Я кивнул в надежде, что получилось уклончиво и отстраненно, однако почувствовал в себе какую-то пассивность, если не покорность.

Нужно приниматься за работу, – сказал Хайдль с широкой, добродушной улыбкой, выгнув брови и шутовски надув щеки, как у физиономии над входом в Луна-парк; этот неожиданный комизм был невыносим.

Киф?

Да?

Друзья.

Естественно, ответил я, открывая жесткую папку с рукописью и неподписанным актом.

Кореши?

Кореши?

Кореши, подтвердил Хайдль.

Естественно, повторил я. Естественно, кореши, Зигги.

И тут же одернул себя: зачем я это говорю? Теперь любое мое согласие делало меня слабее, а его – сильнее.

Тогда помогай, сказал Хайдль.

Хочешь себя убить, разве что не заикаясь, выдавил я, – убивай.

Ну пожалуйста, Киф.

Меня-то зачем втягивать?

Да я боюсь облажаться, Киф, ответил Хайдль. Все очень просто. Боюсь, что в решающую минуту нанесу себе тяжкое увечье, разведу пачкотню и буду умирать медленной смертью. А может, и вовсе останусь жить овощем. Я же трус, Киф. Всего боюсь. Вот, держи. И на ладони протянул мне «Глок». В полной исправности, смотри.
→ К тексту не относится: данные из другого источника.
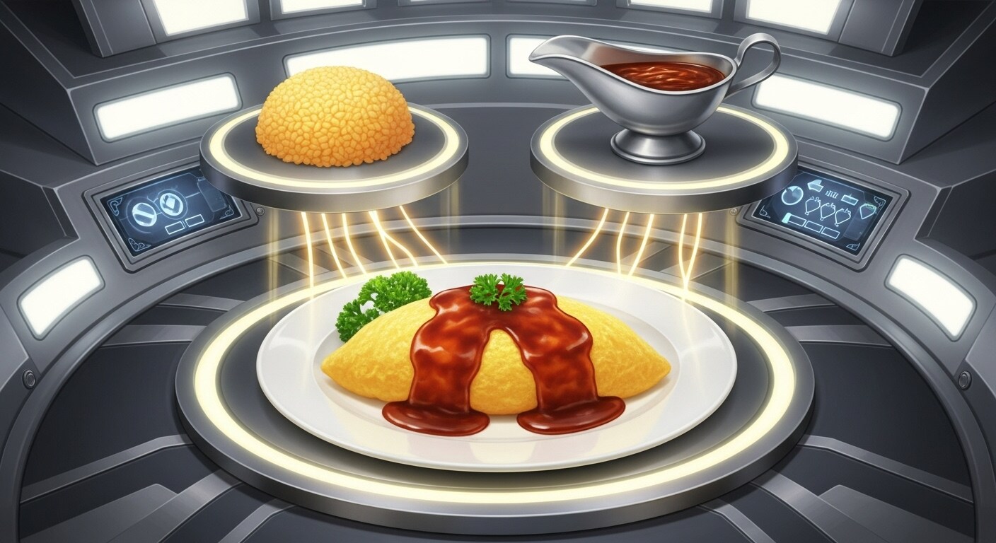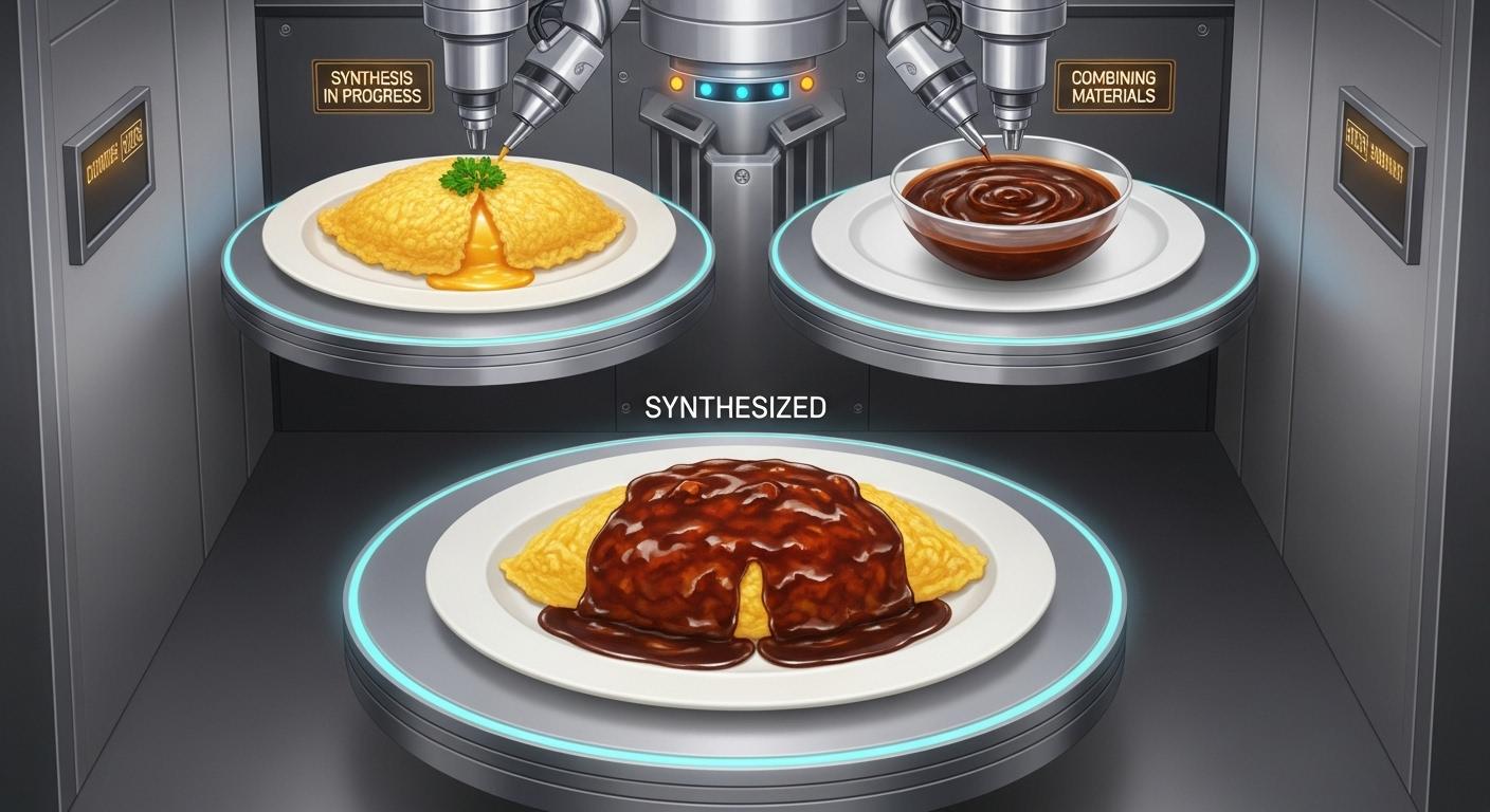 オムライスとデミグラスソースで合成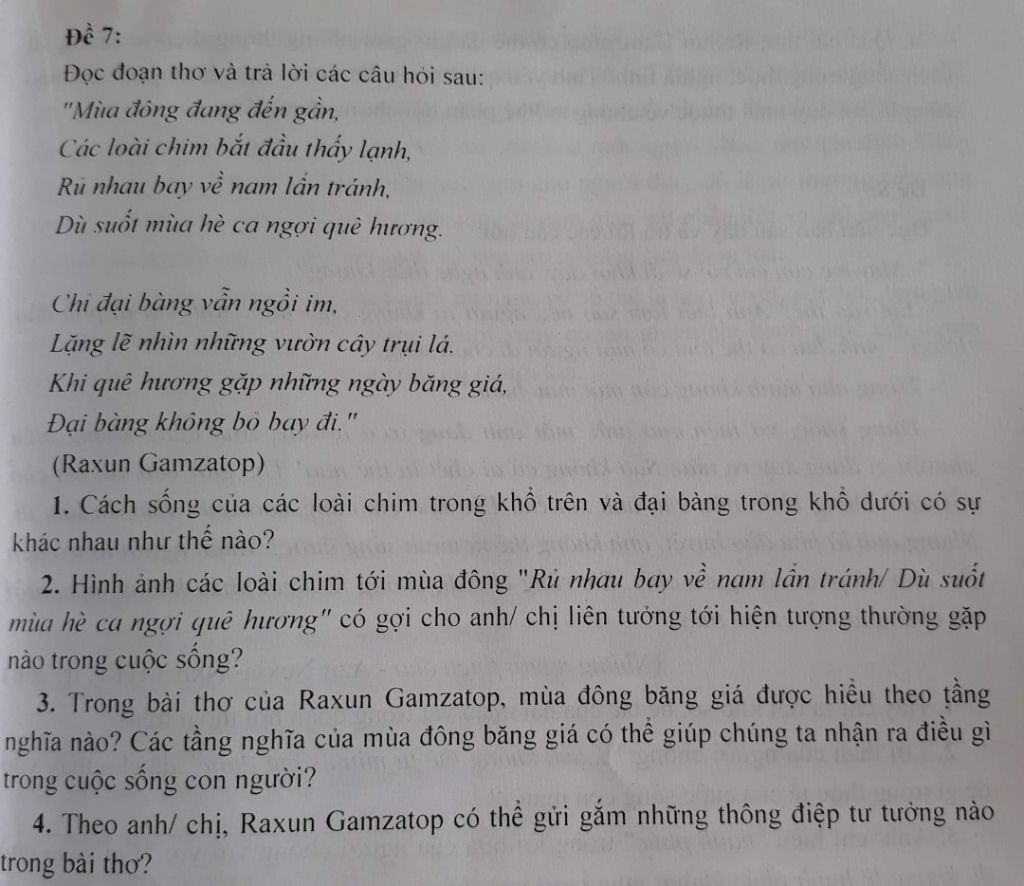 3, Trong bài thơ, mùa đông băng giá được hiểu là những điều kiện khó khăn, những thách thức chung trong một cộng đồng, dân tộc hoặc một đất nước. Hình ảnh mùa đông làm em thấy được cuộc sống chung của bất cứ quốc gia, dân tộc nào đều sẽ phải có những bất trắc và thử thách gập ghềnh nhất định để mà trải qua.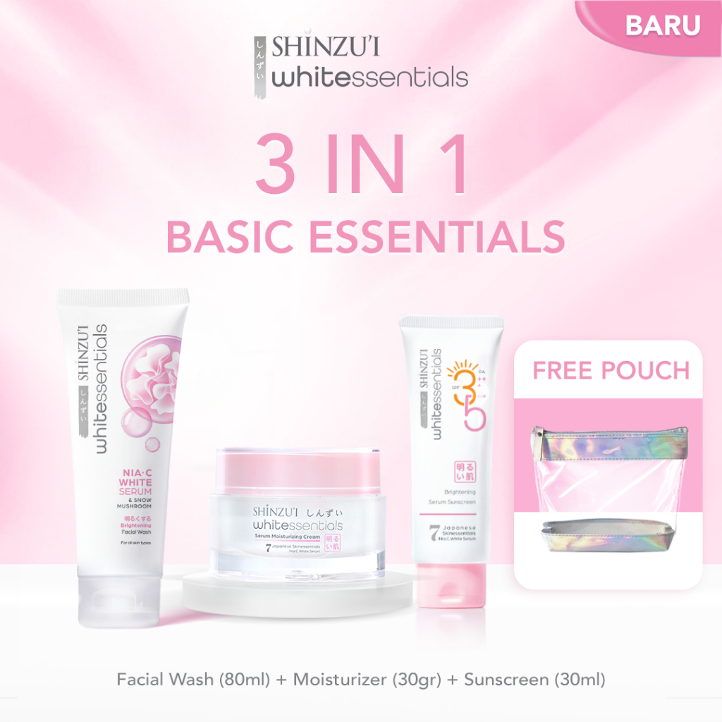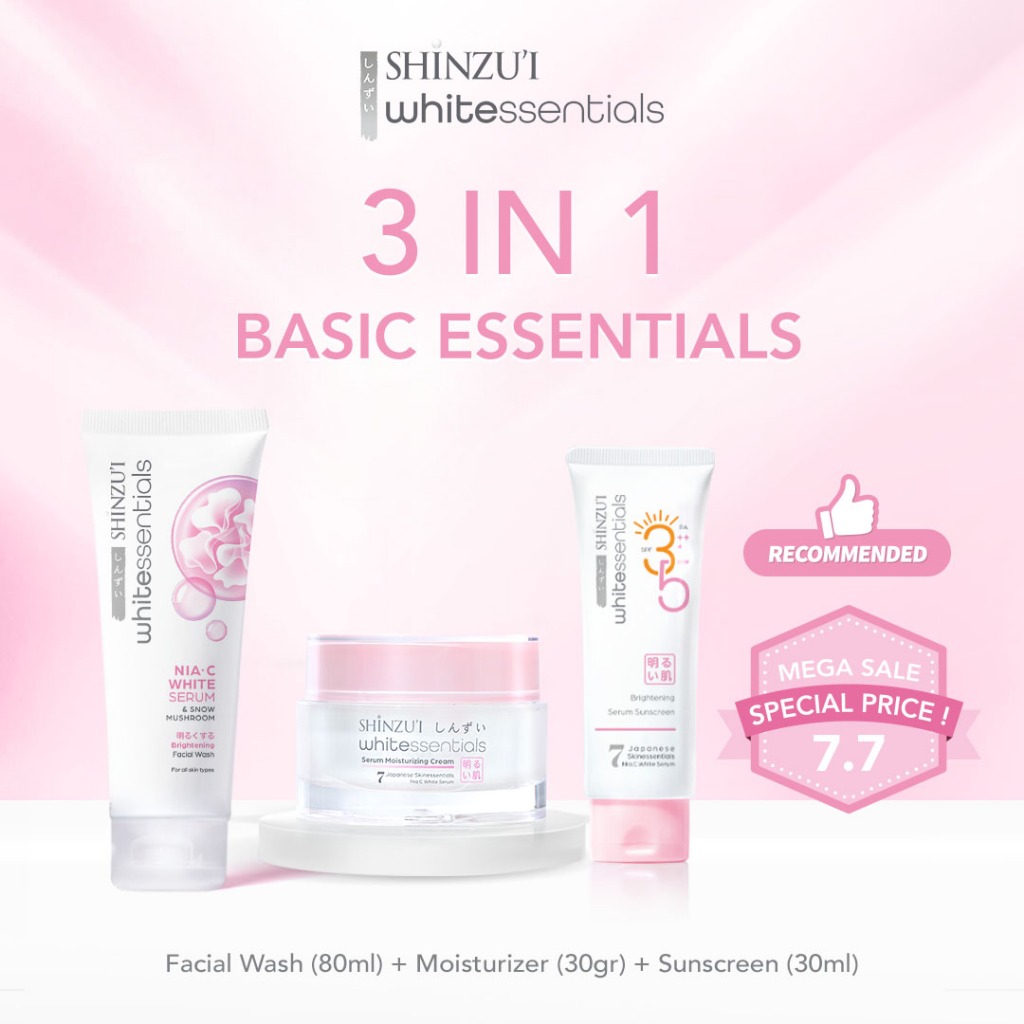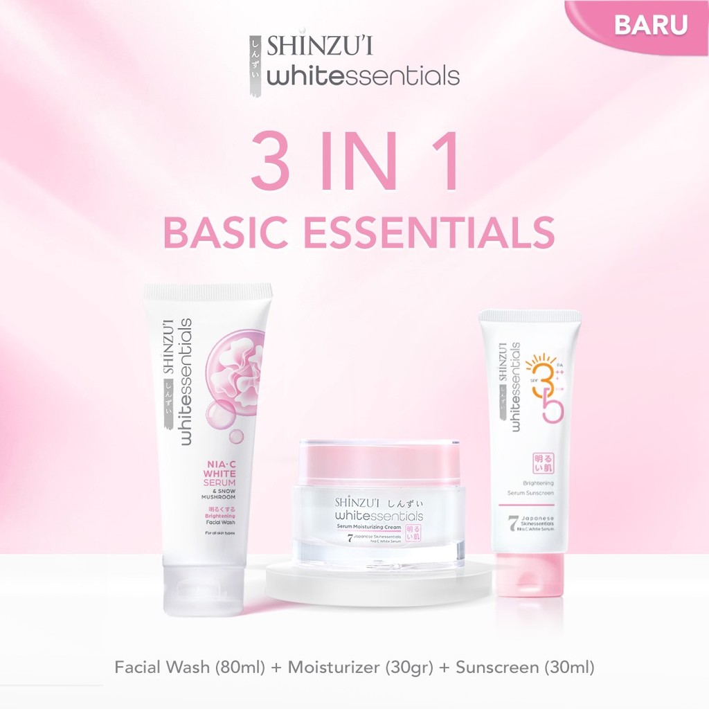 Shinzui Whitessentials Basic Essential Skincare Package ( facial wash 80ml , moisturizer 30 gr & sunscreen 30 ml )

Он сунул мне под нос эту ненавистную штуковину. Показал предохранитель, расположенный на спусковом крючке: он освобождается при нажатии спускового крючка.

Вот так, показал он.

Своим мерзким, пухлым указательным пальцем он нажал на спусковой крючок.

Раздался щелчок.

Он повторил действие, инструктируя меня, как одновременно нажимать на спусковой крючок и предохранитель без резких движений.

Еще раз, сказал он. Нажимаем.

Щелк.

И когда он второй раз протянул мне пистолет, предварительно накрыв рукоять и спусковой крючок бумажной салфеткой, чтобы не осталось отпечатков, я подтолкнул к нему акт приема-передачи.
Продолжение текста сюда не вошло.